5 Steps to using Price Advice to Bid on Auctions

By providing you with pricing information on used items, our goal at Price Advice is to save you money.  Since many used items are sold on auction sites like eBay, it would be helpful to understand how you can use Price Advice to bid and fetch the best possible price.
  1. Use the search tool.  Type in what you are looking for.  You can be specific or generic.  For example, you can type in “Rolex” and get a listing of all Rolex watches, or you can type in “Rolex Submariner” and only get a listing for that subset within the Rolex brand.  Alternatively, you can search by category by selecting one of the tabs in the upper left corner.

    1. Refine your search.  Once you have a list of items, you can further refine your search by price (using the sliding price bar), brand or other criteria in the vertical blue bar on the left of the screen.  Each product category will have different refinement criteria unique to its characteristics.
    1. Take note of the market price.  Price Advice has scoured closed transactions across the web to determine the estimated selling price for every item on our site.  That is the price you should expect to pay for the item.  It is a good jumping off point for setting your top dollar price.  For example, let’s say you want to buy a used iPad 2 with 32GB of storage and the market price is $432.  You can set your budget for $432 and then search for auctions below that price point or very close to that price point.


    1. Use the bell curve to determine the lowest possible price.  Sometimes the current auction price will be much, much lower than the market price.  This gives the illusion that the item is a steal, however, the current auction price is not the price you will necessarily pay.  That price isn’t fixed until the auction closes, which could be several days away. By reviewing the bell curve you can determine the lowest price your item has sold for and use that as an indictor of the best deal you can expect.  In the example below, the lowest price paid is $358 so expecting to pay $150 might not be realistic.  That doesn't mean that you can't still find a great deal below the average selling price of $459.

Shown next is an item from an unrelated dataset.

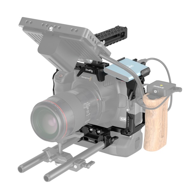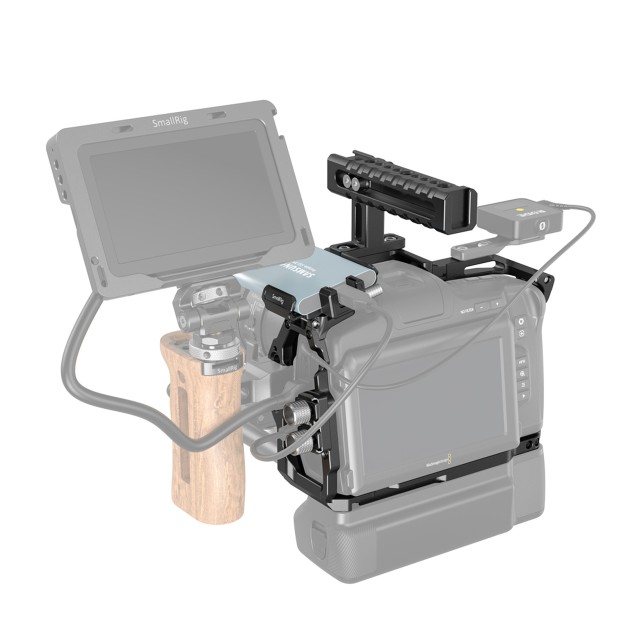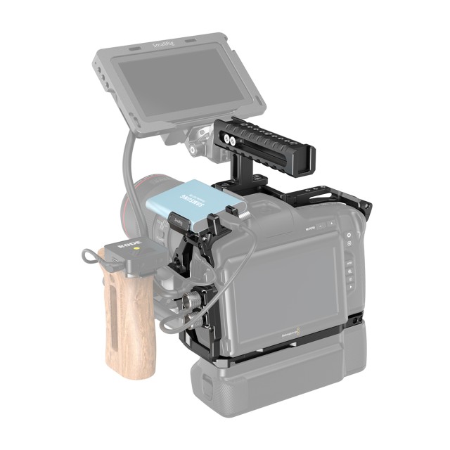 SmallRig Basic Kit 3583 is made of aluminum alloy, sturdy and durable. It works with a removable Pogo Pin and can connect directly to Blackmagic Pocket Camera Battery Grip for power supply and comes with multiple 1/4"-20 threaded holes to support other accessories. The kit also includes Top Handle 1984 for handheld shooting and lightweight dual rod clamp, which suits 15mm dual rod, for mounting Follow Focus 3010 and Matte Box 2660 or Mini Matte Box 3196. The SSD mount is of cold shoe design, allowing quick assembly and disassembly. The thumb cable clamp help to clamp HDMI and USB-C cables to prevent signal interruptions caused by cable loss during filming.
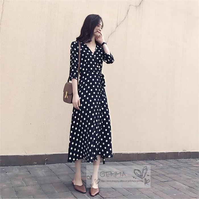 ドット ワンピース レトロ ロング 水玉 ワンピース ドット柄 ワンピ カシュクール vネック ロングワンピース プチプラファッション通販 mdk store

    1. Don’t bid to early.  As stated in Step Four, the final price of an item isn’t set until an auction closes.  If you see a great deal such as 50% off market price, the best strategy for winning that auction and keeping the price low is to not bid right away.  Instead, add the auction to your “watch list” and monitor the bid price.  As the auction close nears you can use the market price and lowest price data from Price Advice to determine how much you should or are willing to bid in the closing minutes of the auction.  Bidding in the final minutes of an auction is called sniping.  Using Price Advice to snipe will help you save money.